Before I clicked the submit button, I thought better of it and I'm glad I did.

Having read all the posts to date, I think I understand both sides of the argument a little better now and I find I agree with aspects of each. I think this is the kind of problem Lotus should step up and fix on all affected cars, which seems like all Elises and Exiges from all model years. At he same time, I understand these are low production, hand built, high performance cars that are sorta' special and not Maytag appliances. Therefore, I accept responsibility for more headaches.

I also agree with the idea that, if an owner recognizes a risk that's he or she considers unacceptable, that owner has a responsibility to either fix it or refrain from driving the car until Lotus fixes it. Maybe "responsibility" isn't exactly the right word to use. Maybe "prudent" would be a better word. Then again, maybe both of those words are equally applicable.

I'm not terribly concerned about a catastrophic failure that causes me to suddenly lose control and crash. Of course that could happen. Hell, I could win the lottery or get killed by a chunk of space junk too. Or more likely, buy it cause some sixteen year old chick is texting while she's putting on her make up and smoking a cigarette, all at the same time, instead of driving her damn car.
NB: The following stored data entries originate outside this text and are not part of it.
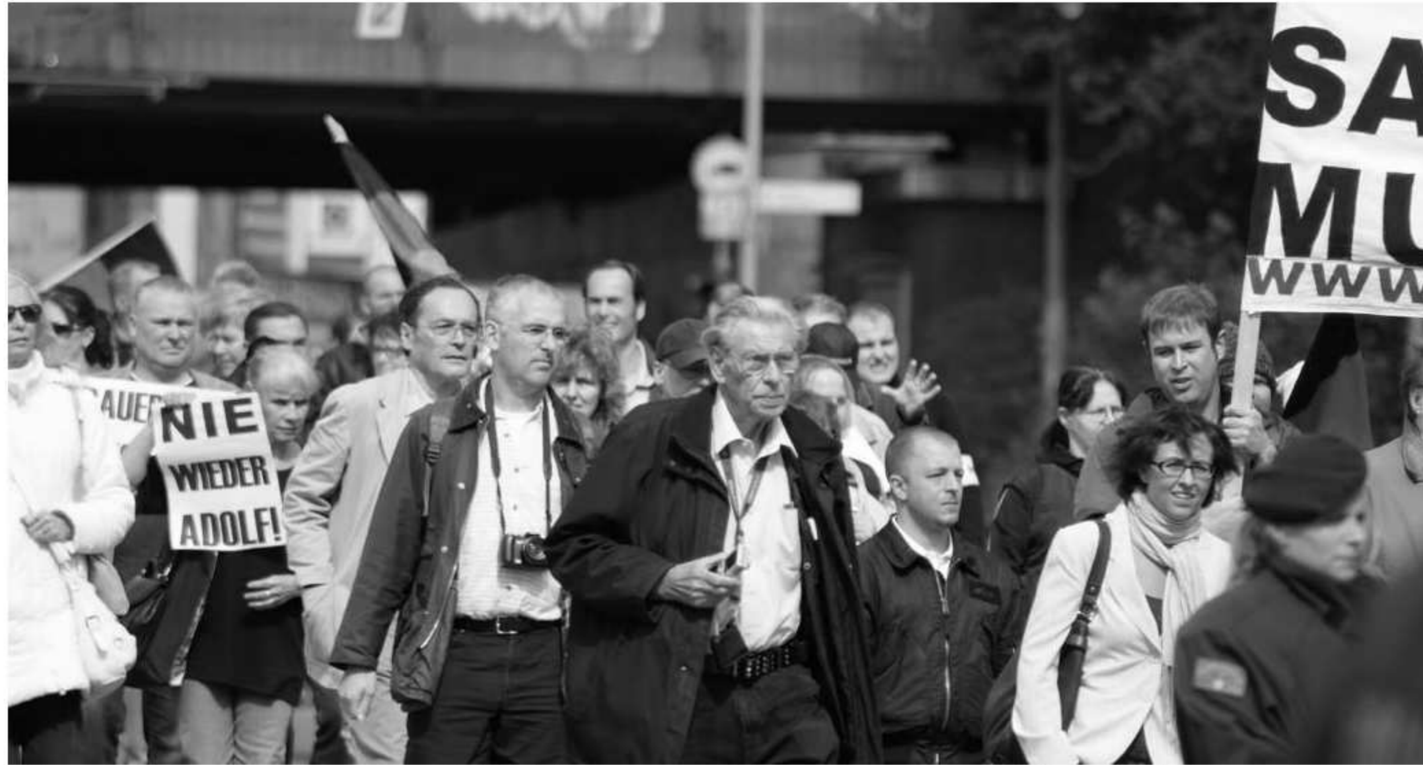
Rassist_innen von pro NRW demonstrieren gegen OB Adolf Sauerland

Die Bürgerbewegung pro NRW tut das, was sie am besten kann: Drei Mal bringt sie ihren rechtspopulistischen Wanderzirkus nach Duisburg. Im März wird aus dem groß angekündigten Sternmarsch
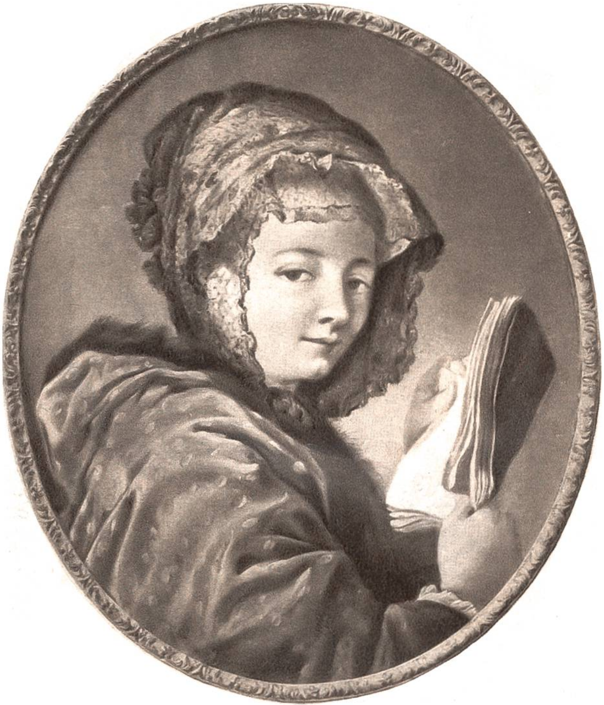
Junges Mädchen, von François Boucher, Paris, 1703—1770.
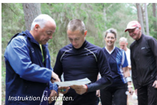
Instruktion for starten.
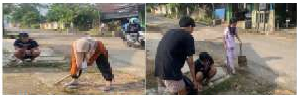
Gambar 2.22 Gotong Royong bersama di Dusun Wiyono

Mengikuti kegiatan gotong bersama di Dusun Wiyono
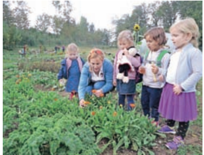
V letošnji izjemni turistični sezoni v občini Radovljica beležijo četrtr milijona nočitev. Šolski učni vrt deluje v sklopu projekta Narava nas uči.

Rekonstrukcija je bila zaključena tik pred koncem počitnic, tako da se je letošnje šolsko leto začelo z bistveno izboljšano varnostjo na šolskih poteh. Občina je namreč s prvim septembrom na Letališki ulici v Lescah z novim pločnikom dopolnila varno šolsko pot, na odseku Begunjske ceste mimo šole pa je po novem prepovedan promet za tovorna vozila. Na poti iz Kamne Gorice do OŠ Staneta Žagarja Lipnica je umeščen nov prehod za pešce na priključku za Zgoranje Dobravo, kjer je v bližini postavljeno tudi pokrito avtobusno postajališče. Drugo takšno novo avtobusno postajališče pa je urejeno na Dobrem Polju.
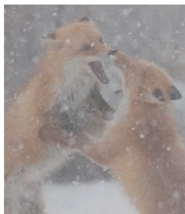
雪の中のペア A pair of red foxes in the snow

They used to be treated as a fur-bearing animal, due to the superior quality of their fur, and were relentlessly hunted. However, they are now regarded as vermin to be exterminated, because they eat sweet corn and beets, causing damage to crops and mediating echinococcosis (a zoonosis). In the city of Obihiro, for example, roughly 200 red foxes were exterminated every year from 2016 to 2019, with the exact number ranging from 191 to 278.
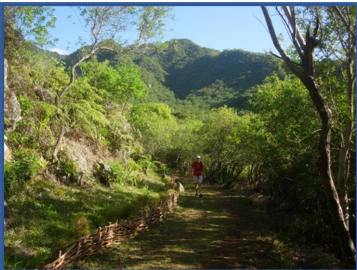
Chaîne du Bois de Nêfles
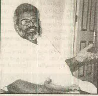
கேள்வி : உங்களது எழுத்துலகப் பிரவேசம் பற்றிக் கூற முடியுமா?

பதில் : நான் தோட்டத்தில் பிறந்தவன். தோட்டத்தில் வேலை செய்தவன் என்ற வகையில் அங்கு வாழும் மக்கள் படும் வேதனைகளையும் துன்பங்களையும் அனுபவித்துள்ளேன். தோட்டப் பகுதியில் வாழும் இந்தியத் தமிழர் களின் சமூகப் பிரச்சினைகள் எண்ணிக் கையற்றவை. ஆங்கிலேயரால் எமது மக்கள் மலேசியாவுக்கு இழுத்து வரப் பட்ட காலம் முதல் இன்று வரை உழைப்பைத் தவிர வேறொன்றையும் அறியாதவராய் வாழ்ந்து மடிந்தனர். இன்றும் வாழ்ந்துக் கொண்டிருக்கின்றனர். நபர் தோட்டங்களையும், செம்பனைத் தோட்டங்களையும் உருவாக்கிய மக்கள் கூட்டத்தினரின் உழைவை குறிப்பாக அவர்களது வரலாற்றைப் பதிவு செய்ய வேண்டும் என்ற எண்ணமே என்னை எழுத்தத் தூண்டியது.
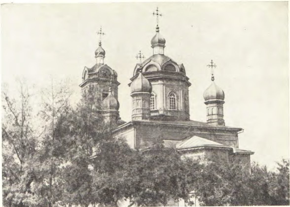
Храм во имя Святителя Николая Чудотворца в с. Оськино Куйбышевской епархии Внизу: богослужение в этом храме
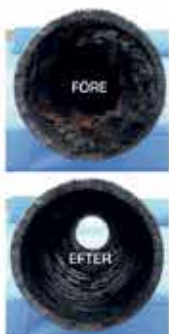
Bilden avser rör som är fräst
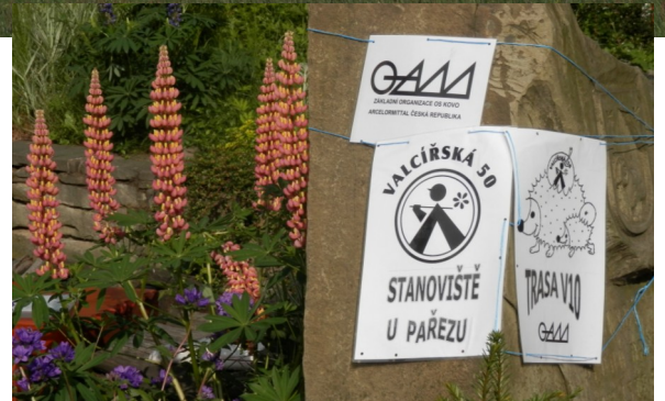
JDEME TAKÉ KOLEM ŘÍČKY ČELADENKY

I'm honestly more concerned about blowing up my motor, or getting stranded out in the middle of BFE with my wife and Chihuahua, or just having to deal with a big oily mess in my car. Those risks alone motivate me to look into a preventive fix that I'll pay for. If Lotus steps up later, maybe I'll try to get some kind of compensation from them then. Fat chance on that happenin', right?

So sorry about going to the moon and back in order to get to the other side of the steet here, but, I'd like to see some discussion about how we can fix our own cars if we choose to do so.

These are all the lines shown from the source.